Written by AJ Mithen
Every rugby league club has their superstars, their young guns and their useful role players who drift in and out of the team. But to be truly successful, teams need an anchor, a player who is dependable week in, week out.
The Sydney Roosters’ Mitchell Aubusson is one of these players. The spiritual heart of the back-to-back defending premier will notch his 300th NRL game when he runs out onto WIN Stadium to face St George-Illawarra on Thursday night.
Aubusson will become the third Roosters player to reach the milestone in the club’s 112-year history, currently sitting behind club icons Luke Ricketson (301 games) and Anthony Minichiello (302). If all goes well, he should break Minichello’s record in round 16 against Brisbane.
He’s played through the Roosters’ peaks and troughs – yes, believe it or not the Roosters have had lean periods – and has been a fixture, winning the club’s James Mathews Award for Clubman of the Year in 2011, 2015 and 2016, when his club won just 6 games and finished second bottom before launching into their current vein of form.
He’s a triple premiership player, raising the premiership trophy in 2013, 2018 and 2019.
Aubusson has a winning record against 10 of the 15 other NRL clubs and is a real chance to add at least two more to that list over the remainder of 2020’s coronavirus-affected season. He’s one of those players that teammates love to play with and fans know how important they are, but they still don’t get the accolades of the big stars.
He fits perfectly into Roosters coach Trent Robinson’s plans because he is adaptable, consistent and absolutely committed to the team’s cause.
Robinson knows he can use Aubusson in any situation anywhere on the field – probably best highlighted in the 2018 Grand Final win over Melbourne when Aubusson was deployed as a nominal halfback but with instructions to protect Cooper Cronk, who went into the game with a serious shoulder injury.
Without Aubusson’s energy and focus in that game to cut down runner after runner honing in on a dinged up Cronk, the grand final story could have been vastly different. But that’s what Mitch Aubusson is about – doing whatever his team needs and doing it well.

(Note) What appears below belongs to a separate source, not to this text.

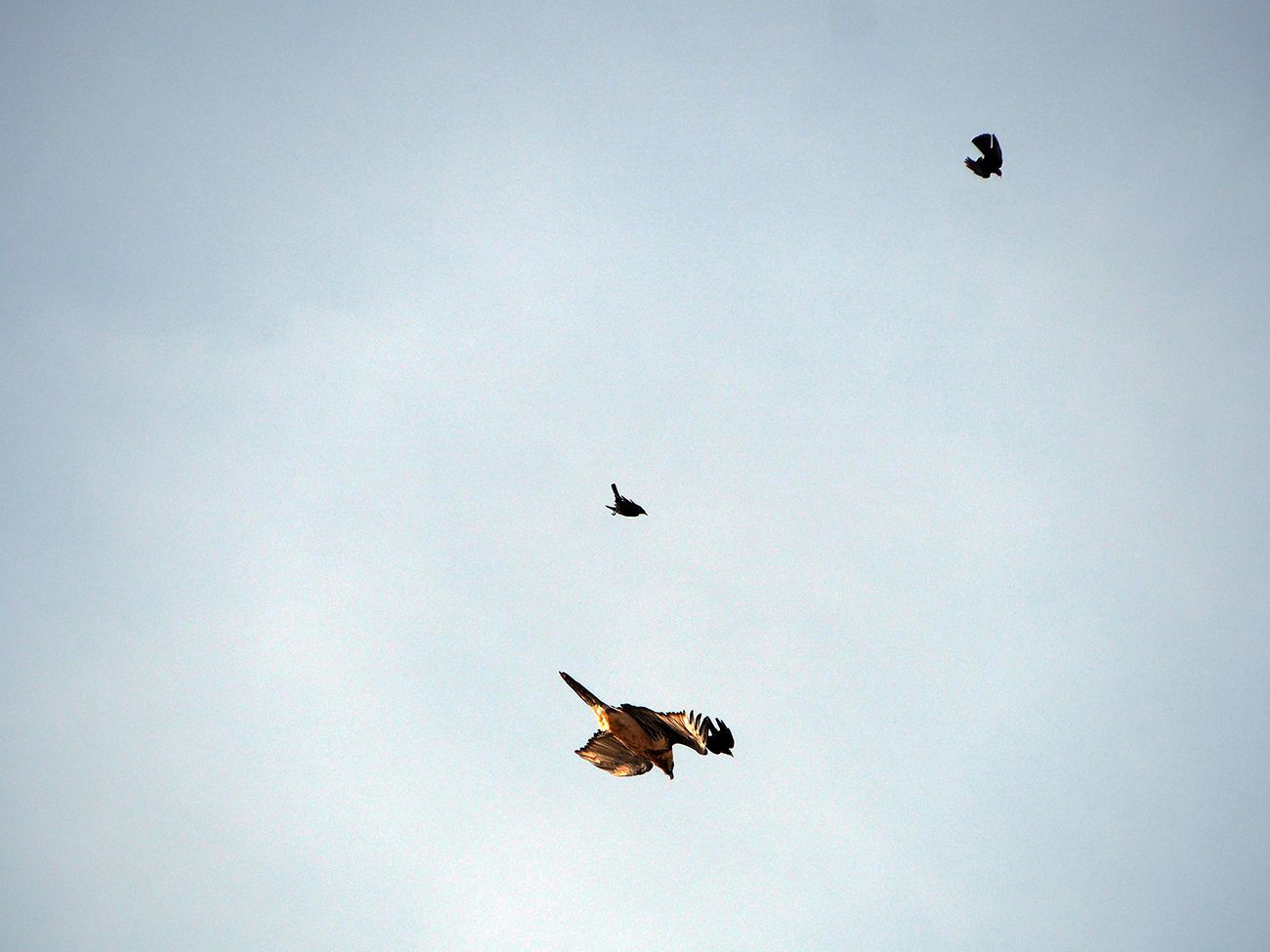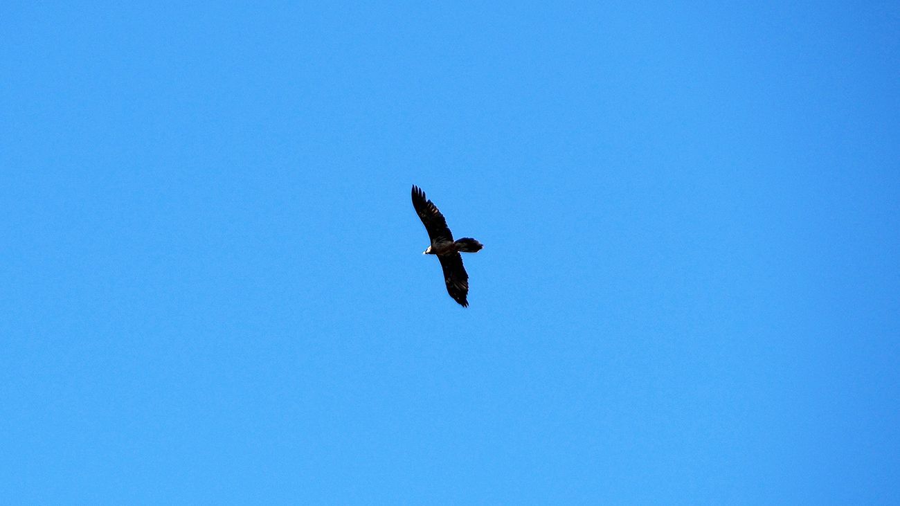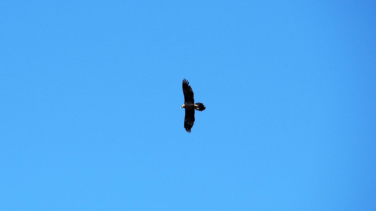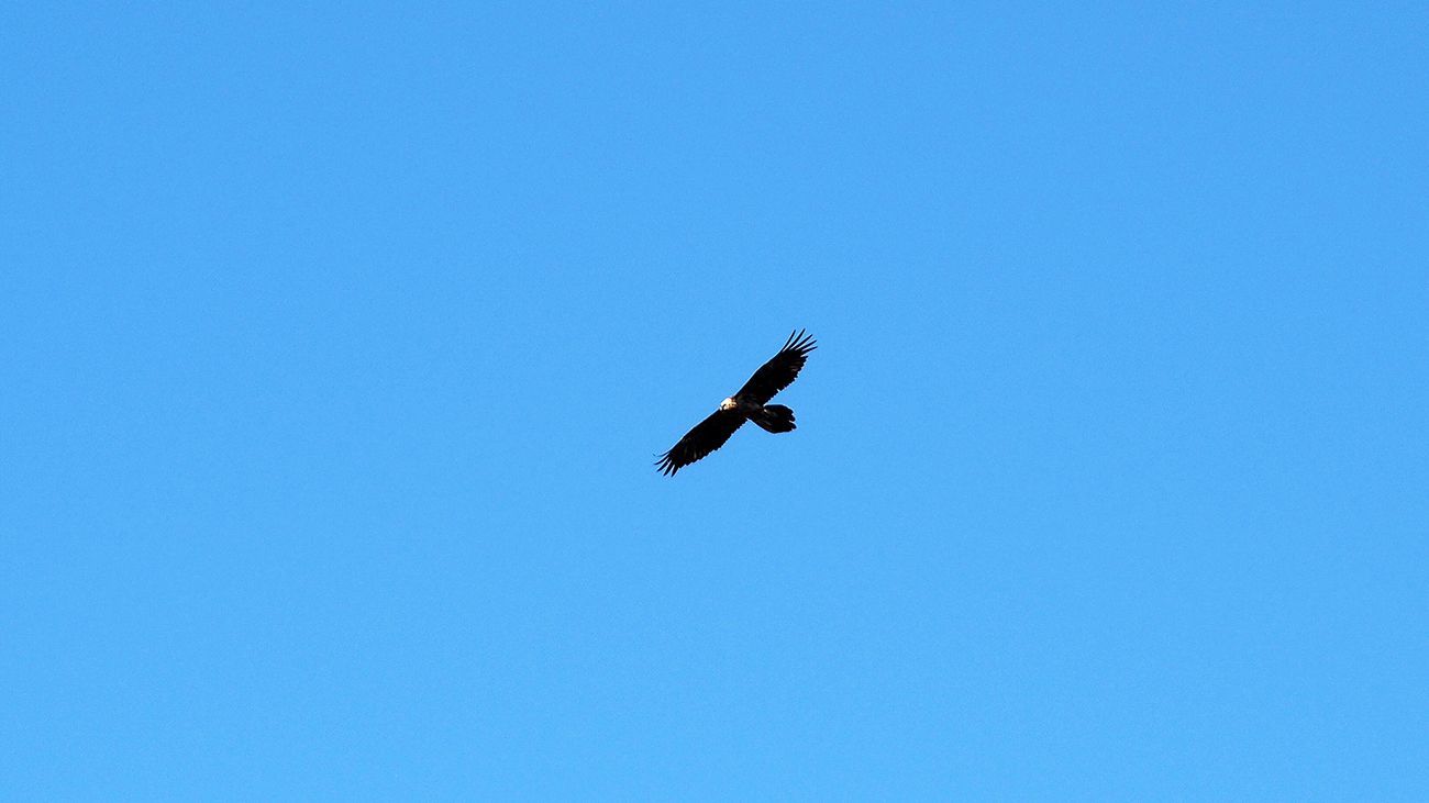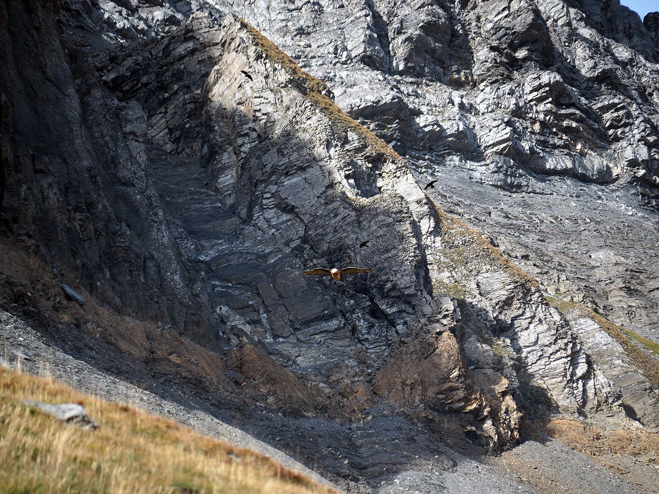 Le gypaète était escorté par un duo de chocards à bec jaune, qui semblait le poursuivre, à moins que ce soit pour jouer avec ce majestueux spécimen du plus grand rapace européen.

His teammates know Aubusson will deliver over and over again. They trust in his ability to fill gaps because they’ve seen him play second row, centre, five-eighth, hooker, you name it. He can defend anywhere in the line, giving real starch to one of the NRL’s best performed defences over the years.
“Stand Up and Fight Hard”
Trent Robinson spoke to the media ahead of Round 13 and answered questions regarding the Roosters desire for improvement, Mitchell Aubusson’s 300th game, and more 🐓 #EastsToWin https://t.co/7C58FAx7Qw
— Sydney Roosters 🏆🏆 (@sydneyroosters) August 4, 2020
His importance to the Roosters’ structure was also evident in last year’s grand final, when he went off injured in the first half. Shortly afterwards Canberra scored their only try for the game through the spot Aubusson would have been guarding.
When you think of the Roosters you immediately think of household names like James Tedesco, Luke Keary and Joseph Manu.
If you ask them which teammate they want to be shoulder to shoulder with every week, they’ll tell you it’s Mitch Aubusson.
It’s not easy to play rugby league. More and more we’re seeing brutal injuries and getting a better understanding of the wear and tear on player’s bodies as they put themselves through the grinder.
The average NRL career is around 48 games, barely two seasons. To be consistent and durable enough to reach 300 games is an incredible achievement.
A one club player who has had his suitors over the years but stayed true to the red, white and blue, we should all tip our cap to a true professional.